An invasive insect that has been devastating stands of eastern hemlock trees along the East Coast has been found in the park near Jordan Pond in Acadia National Park.
Hemlock woolly adelgid, a tiny insect that eats the sap of eastern hemlock trees, has been spreading north toward Maine after first being detected in Richmond, Virginia, decades ago.
Now, the insect has been found among eastern hemlock trees on either side of Jordan Stream, which runs south from Jordan Pond to Little Long Pond and then drains into the ocean at Bracy Cove. The affected trees are spread among roughly 40 acres of woods that are split by the water, Acadia natural resources specialist Jesse Wheeler told the park’s citizen advisory panel on Monday.
“We found it in July of this year,” Wheeler said. “We knew it was coming.”
Wheeler said the invasive insect, which is originally from Japan, was found elsewhere on Mount Desert Island in 2020. The insect weakens and often kills the affected trees, where little spots of what looks like white wool gives the insects’ presence away.
The insect also has been found on eastern hemlocks in about a 2-acre area of woods near Amphitheater Bridge on the park’s carriage road network, on the western side of Jordan Ridge from Jordan Pond.

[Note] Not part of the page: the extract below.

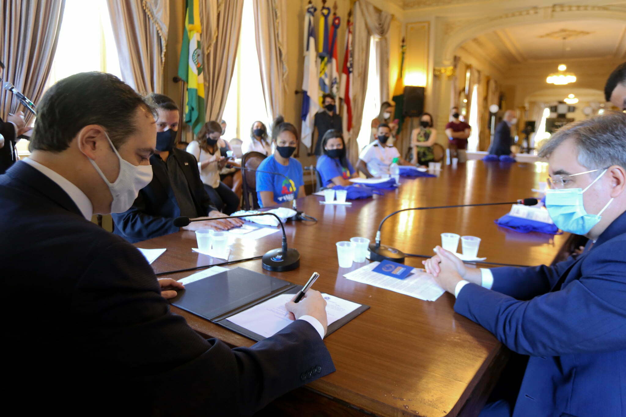 O governador Paulo Câmara recebeu, nesta segunda-feira (12.07), no Palácio do Campo das Princesas, treinadores e paratletas pernambucanos que vão disputar a Paralimpíadas de Tóquio, ainda este ano. No encontro, ele sancionou a lei do Programa Bolsa Técnico e incluiu os treinadores no Programa Passaporte Esportivo Técnico.

Wheeler said the park has been trying to mitigate the spread by clipping branches on infected trees so that passing animals or people don’t brush up against them and then unknowingly transfer the tiny insects to other trees.
But the insect also can move from one tree to another simply by blowing across on the breeze, he added.
The park is looking into other mitigation strategies such as introducing native predatory insects that will eat the adelgid, though the effectiveness of this strategy is limited, according to Wheeler. Using more than one type of the predatory insects, which include certain beetle and fly species, likely would increase the impact of the predatory insects, he said.
The park also is looking at possibly using targeted pesticides “in a couple of years” if the problem persists, he told the panel.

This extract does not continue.